Он написал «Медный всадник», при жизни не напечатанный.
Он умер от раны, защищая честь жены.
Даже друзья не понимали его.
«Все, – говорил в негодовании Пушкин, – заботливо исполняют требования общежития в отношении к посторонним, то есть к людям, которых мы не любим, а чаще не уважаем, и это единственно потому, что для нас они – ничто. С друзьями же не церемонятся, оставляют без внимания обязанности свои к ним, как к порядочным людям, хотя они для нас – всё. Нет, я так не хочу действовать. Я хочу доказывать моим друзьям, что не только их люблю и верую в них, но признаю за долг и им, и себе, и посторонним показывать, что они для меня первые из порядочных людей, перед которыми я не хочу и боюсь манкировать чем бы то ни было, освященным обыкновениями и правилами общежития».

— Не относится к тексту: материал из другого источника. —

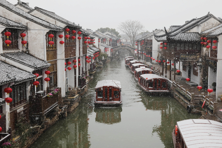 1月15日拍摄的江苏苏州山塘古街雪景。(图片来源:新华社)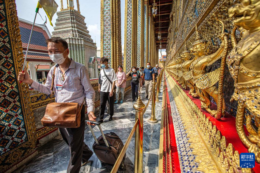 2月7日,中国旅游团游客在泰国曼谷大王宫景区游览。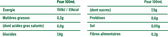 Jus d’orange (58,5%), jus de carotte (39%), jus de citron (2,5%)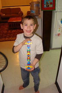 David likes to build what he calls patterns. So today he built a leggo tower that if you look at the middle the ends are reflections of eachother. Such a smartie!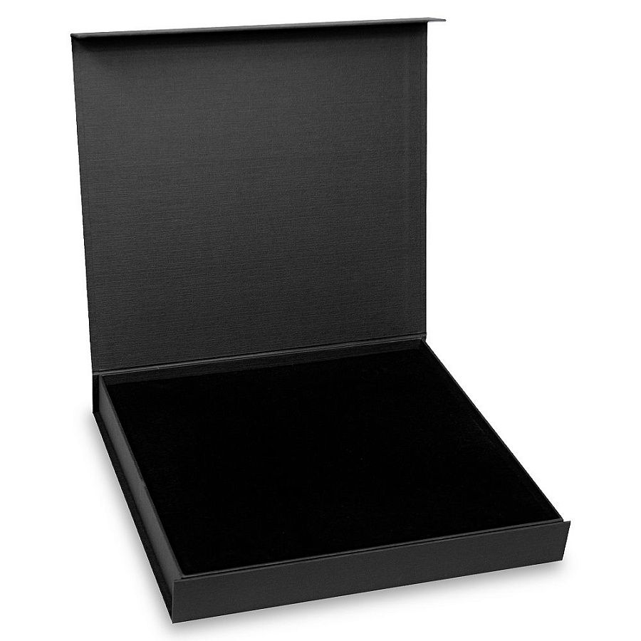 Подарочная коробка Solution Prestige с магнитным клапаном изготовлена из переплетного картона, снаружи кашированного дизайнерской бумагой фактурой имитирующей лен. Ложемент черного цвета под индивидуальную вырубку. Материал: флокированная пена EVA.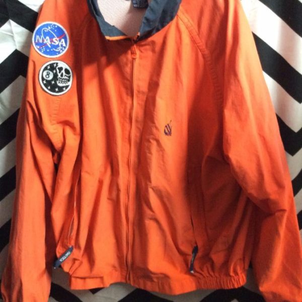 Nautica windbreaker jacket, zip-up, thick, embroidered flag logo back design, orange/white/yellow/black, size XXL as is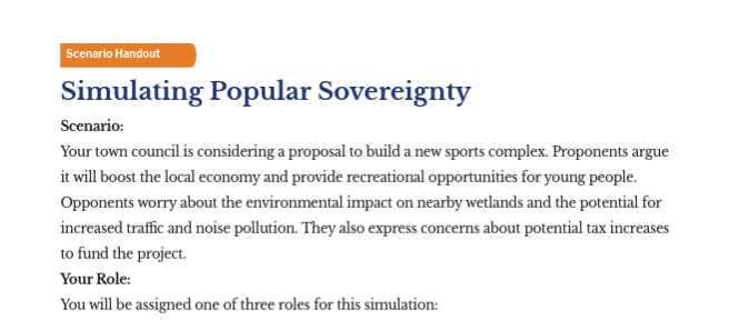 Remember: There is no right answer in this simulation. The goal is to explore the messy process of popular sovereignty and the importance of considering different perspectives when making decisions that impact the community.

Однажды Пушкин жаловался приятелю, что ночью он проснулся оттого, что ему приснилось гениальное стихотворение, а утром он не мог его вспомнить. «И ты не встал его записать?!» – изумился приятель. «Жаль было Наташу будить…» – отвечал Пушкин.
Каков Пушкин!!!
6 июня 1997 года,
198 лет Александру Сергеевичу.
Люблю одинокое дерево,
Что в поле на страже межи.
Тень в полдень отброшена к северу —
Зовет: путник, ляг и лежи.
Забыв за плечами дорогу,
Забросишь свой посох в кусты,
И медлят шаги понемногу,
Пока приближаешься ты.
Как к дому, как к другу, как к брату,
Уходит земля из-под ног…
И ты не захочешь обратно:
Ты с деревом не одинок.
Сквозь ветви, колени и листья
Плывут облака, как года.
Одной одинокою мыслью
Взойдет над тобою звезда.
И космос как малая малость
Сожмется до краткого сна…
И сердце со страхом рассталось,
И бездна всего лишь без дна.
1997…2005
Письменный стол
(Открытие программы)
Screen пуст и чист, как свет в окошке.
На подоконник села кошка.
Умыла лапкою лицо.
А ты свободен, точно птица,
Небес пустей твоя страница,
И неподвижно колесо
Ума. Hard disk жужжит впустую.
Вращаясь на казенном стуле,
Сидишь и думаешь о вечном:
С чего начать… Хотя, конечно,
Пора бы знать, что продолженье
Есть лишь непрерванность движенья
Туда. К концу того начала,
Где все, что делалось, звучало.
Минуй, уныние ума!
Строка, строку перекрывая,
Расскажет все, как есть, сама,
Поскрипывая рифмой Рая.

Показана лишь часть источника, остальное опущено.